Steve Moore almost died.

Now he uses his experience to show COVID-19 is real and life-changing.

Steve Moore believes himself to be of average intelligence and average life experience. He doesn’t expect you to think he’s smart. He doesn’t think he is.

The 55-year-old Fortville, Indiana, man doesn’t believe he knows as much as the politicians, such as President Donald Trump, do about the virus that almost killed him. He has now voted for Trump twice and trusts the president’s handling of the pandemic.

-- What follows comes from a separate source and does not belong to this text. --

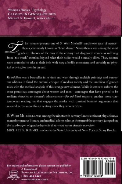 This volume presents one of Mitchell's touchstone texts of neurasthenia-cultural critique as medical diagnosis. Fat and Blood was a best seller in its time and went through multiple printings and numerous editions. It fused the cultural critique of modern society and the inversion of gender roles with the medical analysis of this strange new ailment. Today we are likely to read it angrily, as it serves to enforce the most pernicious stereotypes about women (and not so incidentally, about men)-stereotypes that have proved resilient obstacles to women's advancement. But Fat and Blood supports another reading, a bit more contemporary and certainly more engaged. There are constant arguments that resound across more than the century since they were written.

Steve Moore, 55, speaks to his family before being put on a ventilator.

Steve contracted COVID-19 in late March. The virus, which he had not initially thought that much of, put him on a ventilator for 18 days and led to two weeks spent in a rehabilitation center relearning how to walk and how to breathe and how to remember simple facts such as his wife's birthday.

Steve feels a little self-conscious about all the attention his friends showered on him through social media when he was in the hospital and rehab.

A card reading “Welcome home Steve” sits on a table Oct. 17 next to the front door of the Moore household. After being released from the hospital Steve wanted to go out to dinner with his family, but was unable to because the restaurants were not open and he did not realize how quarantine had affected the community during his time in the hospital and rehabilitation centers.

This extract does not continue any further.